--- GIVEN MATERIAL ---

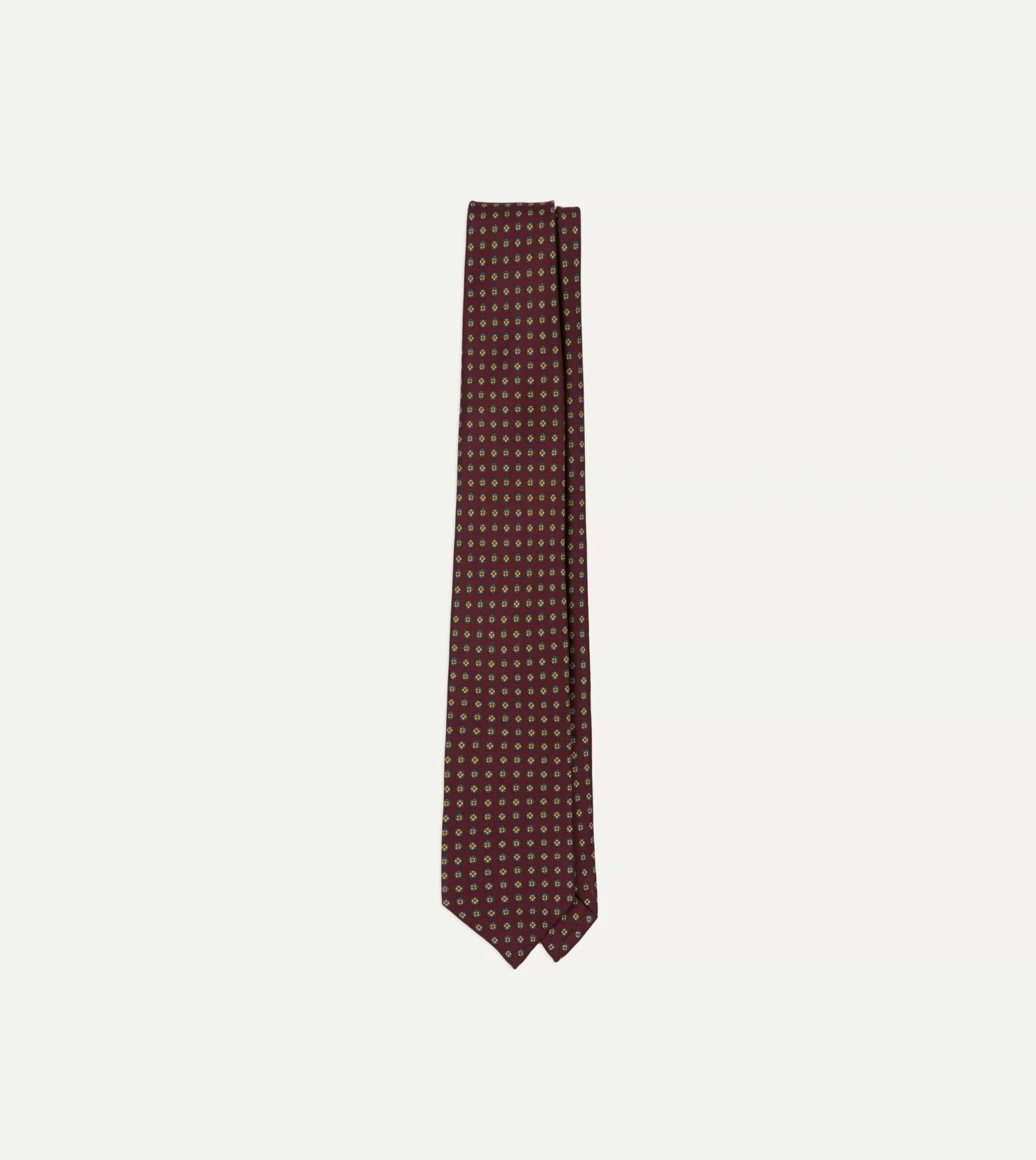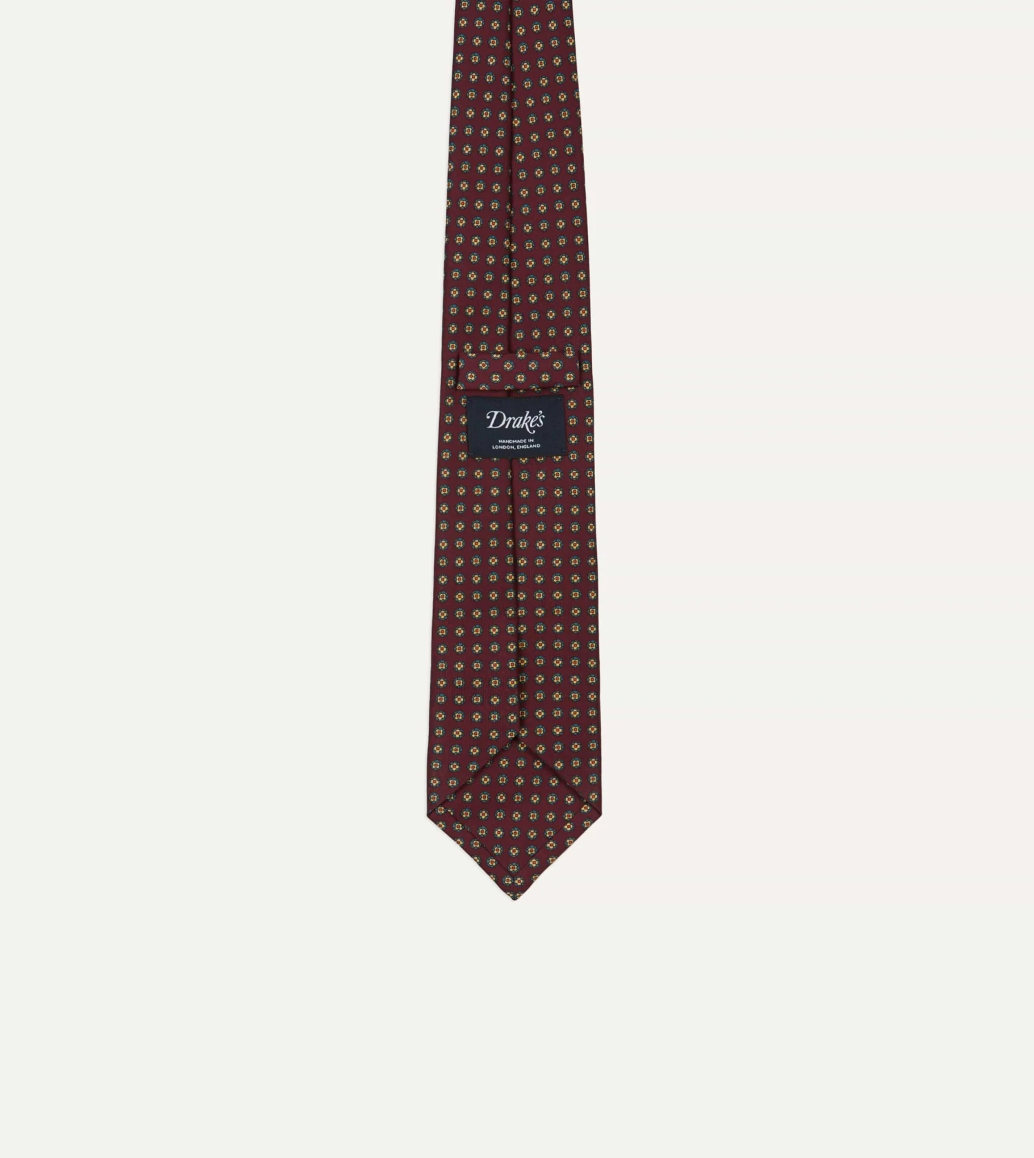 A jaunty geometric pattern creates a dynamic visual effect with this exquisite silk tie, handmade in our East London factory.
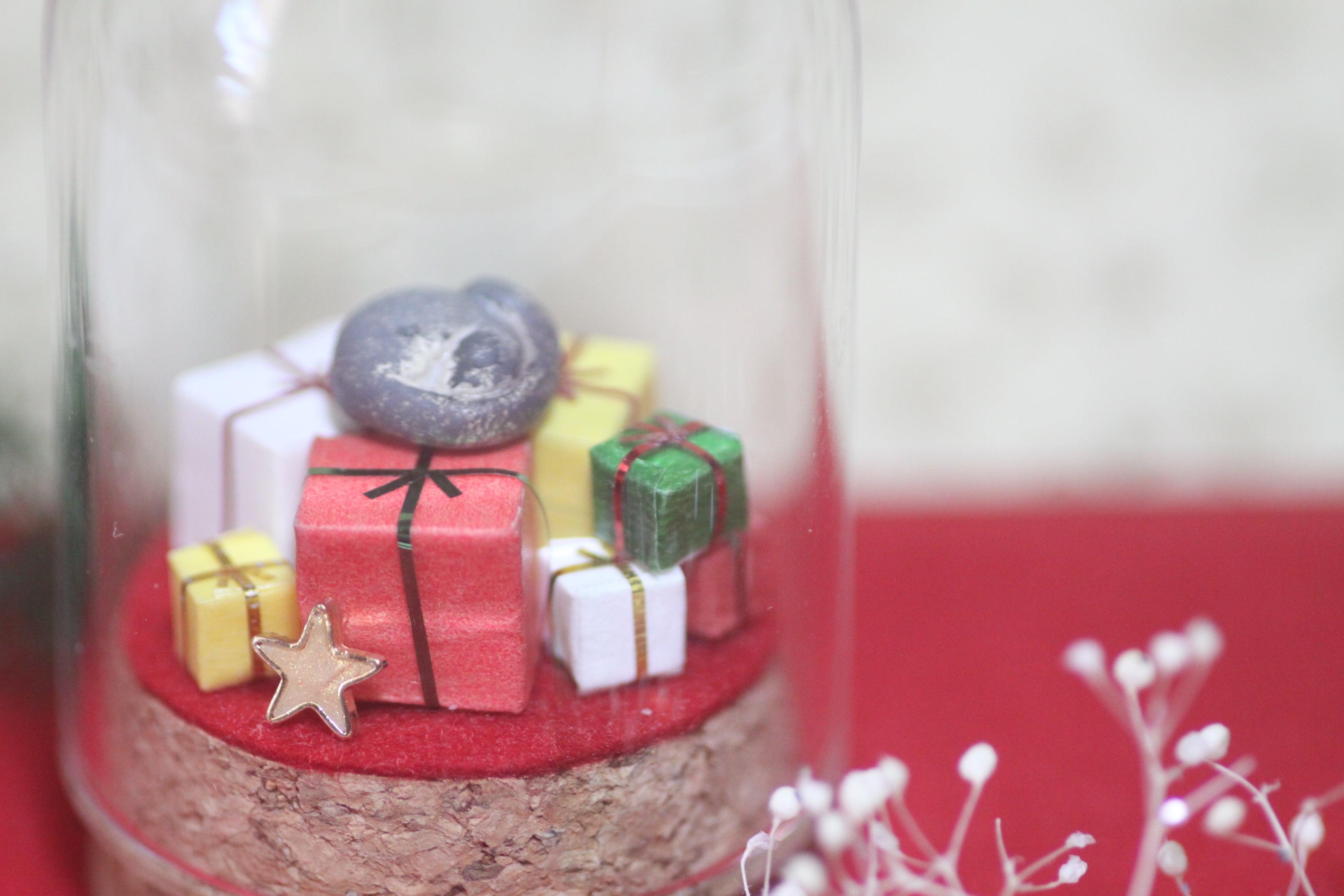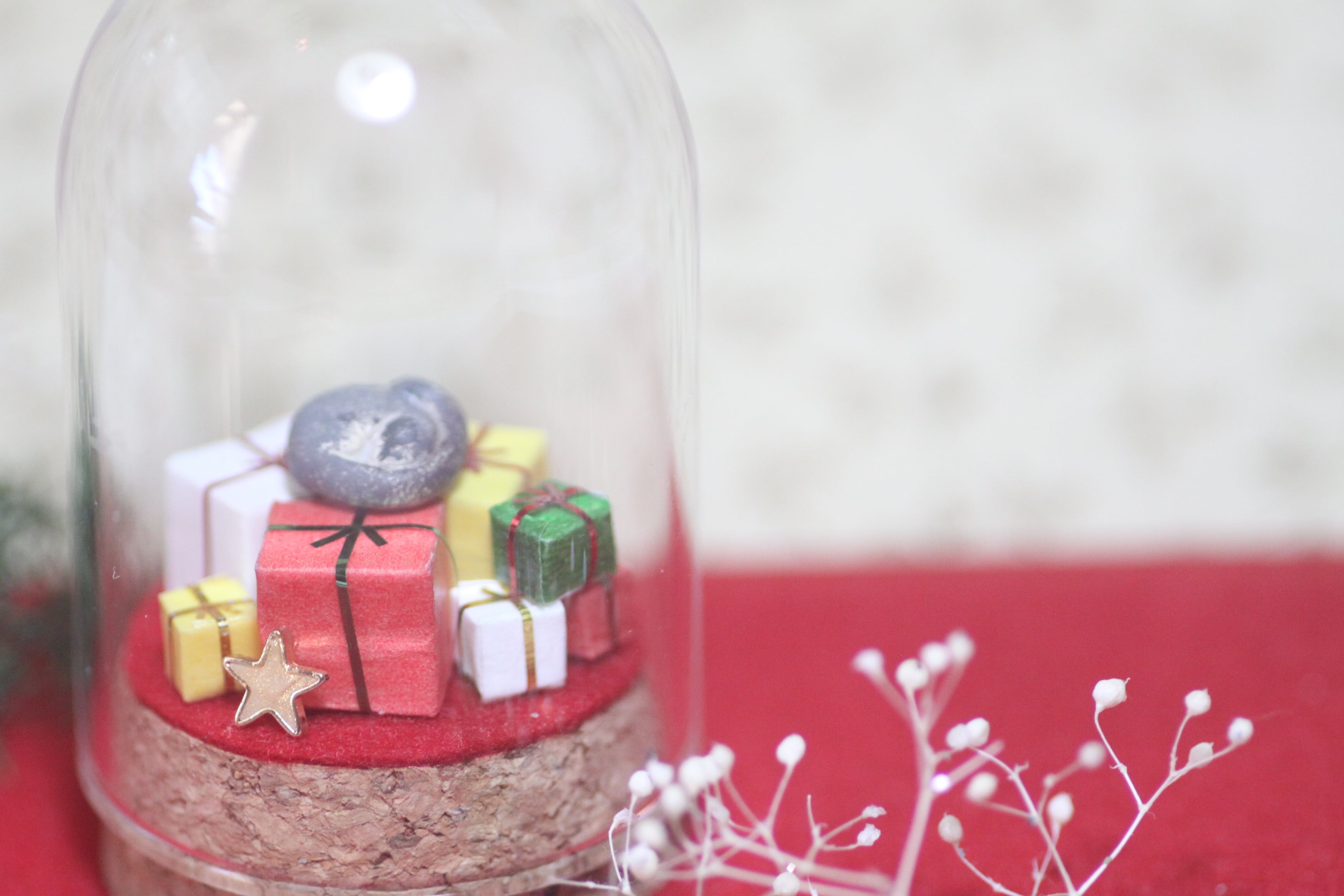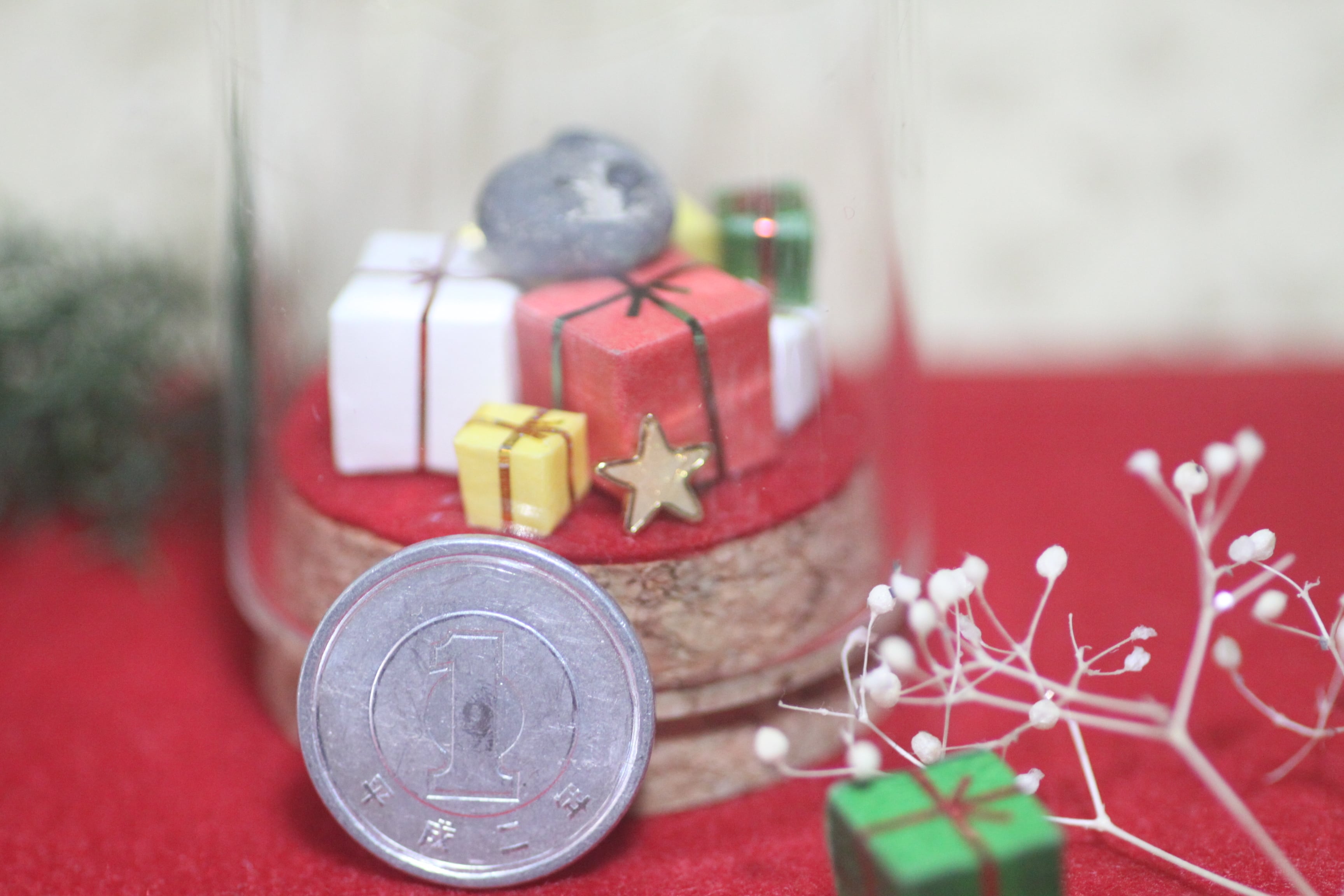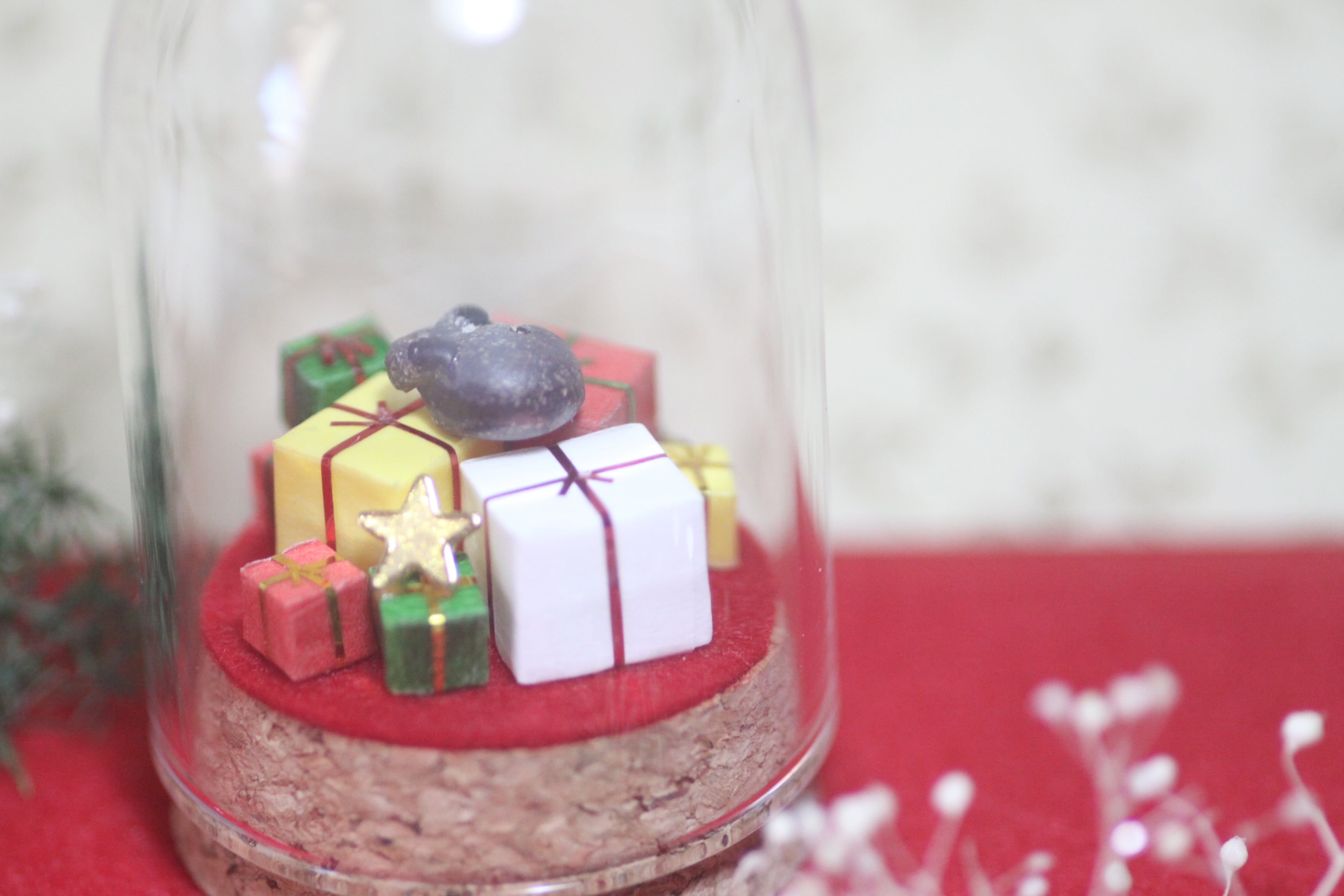 クリスマス使用のモモンガガラスドームはすべて1点ものとなっています。
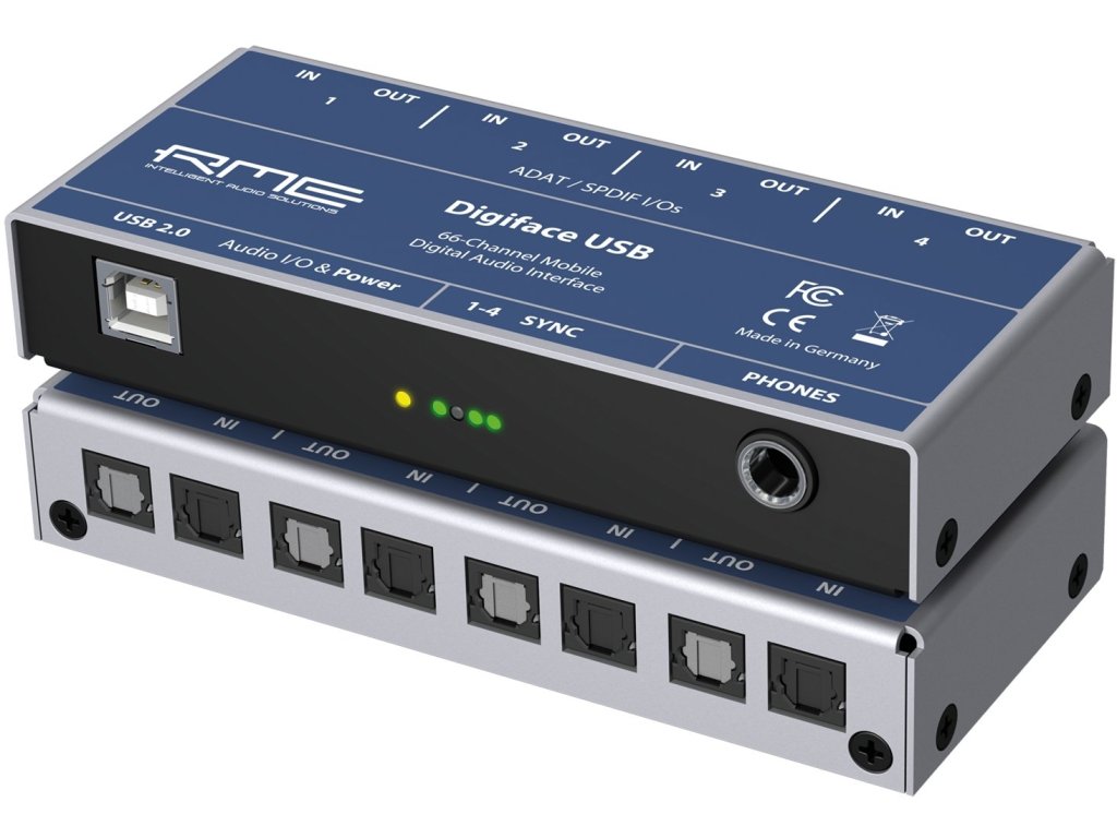 Digiface USB oferuje 4 optyczne interfejsy ADAT/S/PDIF in/out oraz wysokiej jakości analogowe wyjście stereo do monitoringu - może być używane jako liniowe i słuchawkowe. Urządzenie jest zasilane bezpośrednio z magistrali USB komputera. Każdy z czterech portów oferuje optyczny interfejs w ośmiokanałowym formacie ADAT lub dwukanałowym S/PDIF - można go oddzielnie przełączać na każdym porcie. Obsługiwane jest multipleksowanie kanałów SúMUX, dzięki czemu można osiągnąć częstotliwość próbkowania do 192kHz kosztem zmniejszenia liczby kanałów. Aplikacja Total Mix umożliwia dowolne kierowanie kanałów input/playback/output, tworzenie submikserów itp. Wszystko z zerową latencją. Total Mix może być sterowany za pomocą opcjonalnego kontrolera ARC USB,
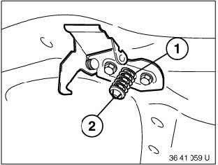 CAUTION: If detent buffer is unscrewed too far, there is a danger that the hood lid will be damaged by contact surfaces of detent buffer!

---

- _AIM OF THE EXERCISE_:
Where the material above includes pictures, omit them and retype everything else exactly.

- _WRITTEN REPLY_:
 A jaunty geometric pattern creates a dynamic visual effect with this exquisite silk tie, handmade in our East London factory.
 クリスマス使用のモモンガガラスドームはすべて1点ものとなっています。
 Digiface USB oferuje 4 optyczne interfejsy ADAT/S/PDIF in/out oraz wysokiej jakości analogowe wyjście stereo do monitoringu - może być używane jako liniowe i słuchawkowe. Urządzenie jest zasilane bezpośrednio z magistrali USB komputera. Każdy z czterech portów oferuje optyczny interfejs w ośmiokanałowym formacie ADAT lub dwukanałowym S/PDIF - można go oddzielnie przełączać na każdym porcie. Obsługiwane jest multipleksowanie kanałów SúMUX, dzięki czemu można osiągnąć częstotliwość próbkowania do 192kHz kosztem zmniejszenia liczby kanałów. Aplikacja Total Mix umożliwia dowolne kierowanie kanałów input/playback/output, tworzenie submikserów itp. Wszystko z zerową latencją. Total Mix może być sterowany za pomocą opcjonalnego kontrolera ARC USB,
 CAUTION: If detent buffer is unscrewed too far, there is a danger that the hood lid will be damaged by contact surfaces of detent buffer!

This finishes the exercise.